This article discusses email validation using regular expressions. All regexps are performed with the
i
modifier, i.e. make case-insensitive checking.
Training
Before writing a validation, you need to know what the email address consists of. I think everyone knows that this is “username @ hostname”. It would be best to break the creation of the regexp into 2 logical parts - hostname validation and username validation. Let's start with a more voluminous.
Hostname validation
First, let's think about it, but what does the hostname consist of?
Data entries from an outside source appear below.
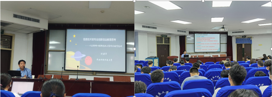 师生作了题为《信息技术类专业创新创业思考——以“互联网+”创新创业大赛项目培育为例》的“互联网+”专题讲座。
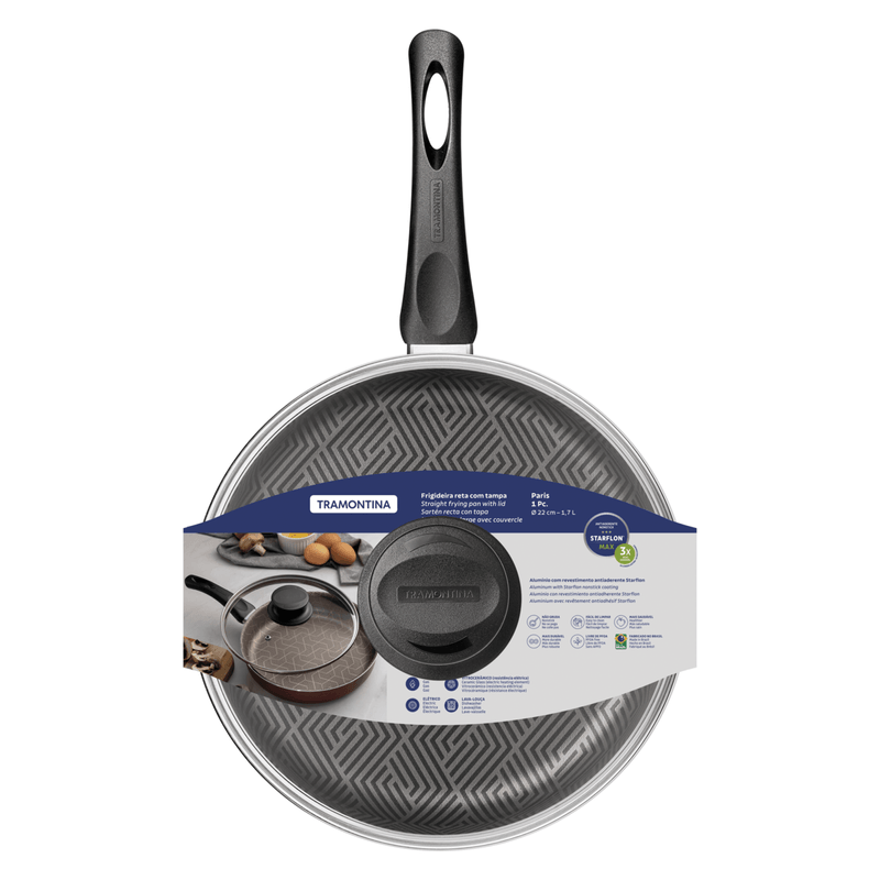 La sartén recta Tramontina Paris en aluminio con revestimiento interno y externo con antiadherente Starflon Max plomo con tapa de vidrio 22 centímetros 1 7 litros su cocina quedará completa y la preparación de sus recetas será mucho más práctica. Está fabricada en aluminio de 1 8 milímetros de espesor, lo que garantiza una cocción rápida y uniforme de los alimentos. Su revestimiento interno y externo es de Starflon Max, un antiadherente que evita que los alimentos se peguen en la superficie, lo que hace que sea más fácil de limpiar, más duradera y no perjudicial a la salud. Su mango es de baquelita antitérmica, no se calienta y garantiza más seguridad y comodidad durante el uso. Además de todas estas características, es apta para lavavajillas, lo que facilita su rutina diaria. Una sartén con toda la calidad Tramontina, que usted ya conoce y en la cual confía!
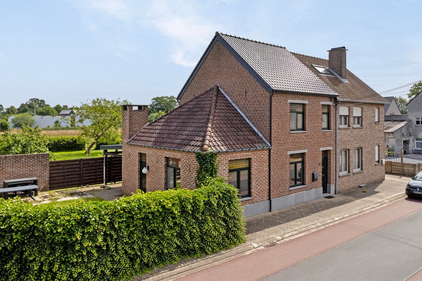 - Achter de woning is een overdekt beklinkerd terras – aanpalend gazon – looppad richting garage.
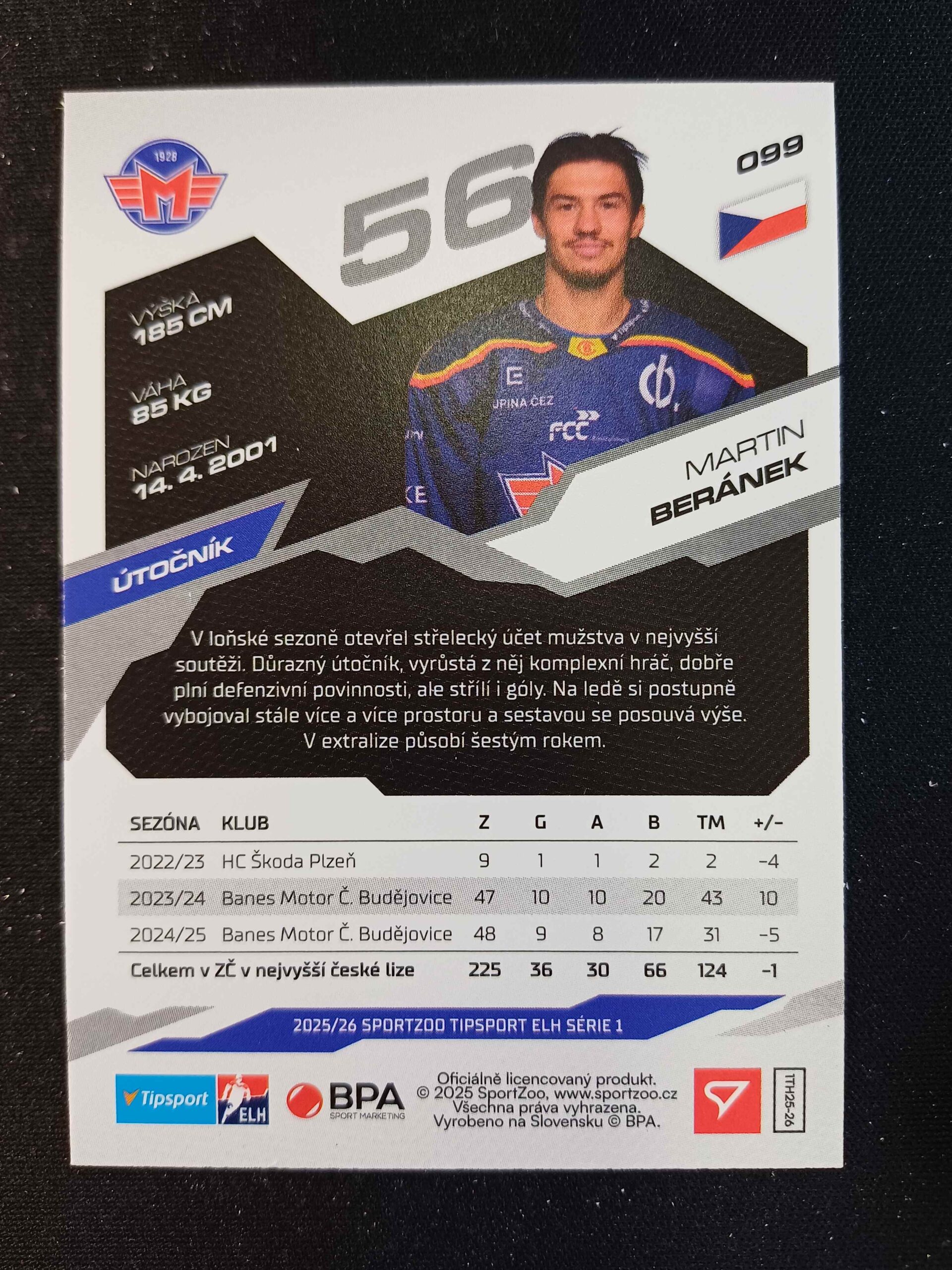 Sběratelská karta 2025/2026 Sportzoo Serie 1 Base 99 Martin Beránek

The host name consists of several components, separated by a dot and not exceeding 63 characters, and suffixes (first-level domains). Components, in turn, consist of Latin letters, numbers and hyphens, and hyphens cannot be at the beginning or end of a component. Suffixes are a limited list of first-level domains (I found the list on the
IANA website). To simplify the expression, we write the domains of countries as
[az][az]
(any 2 characters from a to z are not case sensitive). We also will not use non-Latin characters until they are officially introduced for public use. As a result, we obtain an expression that checks the suffix (the construction
(foo|bar)
indicates that the search is either foo or bar, that is, replaces or):
')
(aero|arpa|asia|biz|cat|com|coop|edu|gov|info|int|jobs|mil|mobi|museum|name|net|org|pro|tel|travel|[az][az])
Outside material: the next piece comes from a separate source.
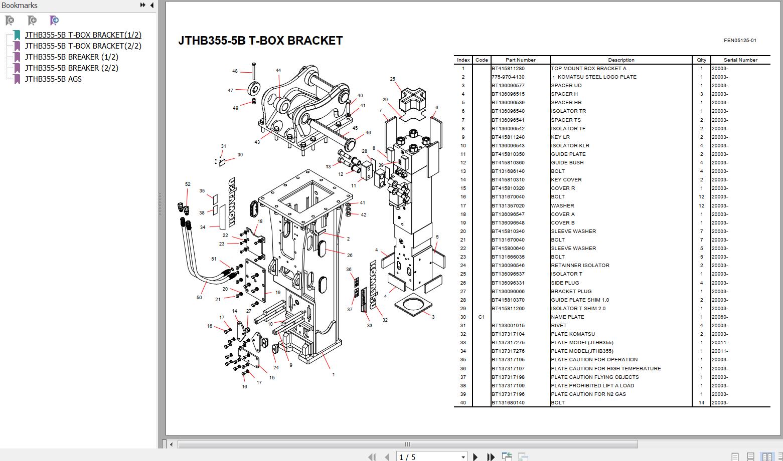 Komatsu JTHB355-5B T-Box Bracket Parts Book FEN05125-01
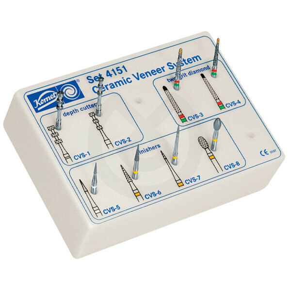 Set de fresas LVS diseñado por el Dr. Ronald Goldstein para la preparación de carillas de porcelana. Para F.G.

For components, the code will be more complicated:
([a-z0-9]([-a-z0-9]{0,61}[a-z0-9])?\.)
Understand the expression:
[a-z0-9] #
([-a-z0-9]{0,61}[a-z0-9])? #
\. #
Consider the optional part:
# ,
# {0,61} , 0 61
[-a-z0-9]{0,61}
# 61 , 63
[a-z0-9]
As a result, we received an expression responsible for checking the hostname:
([a-z0-9]([-a-z0-9]{0,61}[a-z0-9])?\.)*(aero|arpa|asia|biz|cat|com|coop|edu|gov|info|int|jobs|mil|mobi|museum|name|net|org|pro|tel|travel|[az][az])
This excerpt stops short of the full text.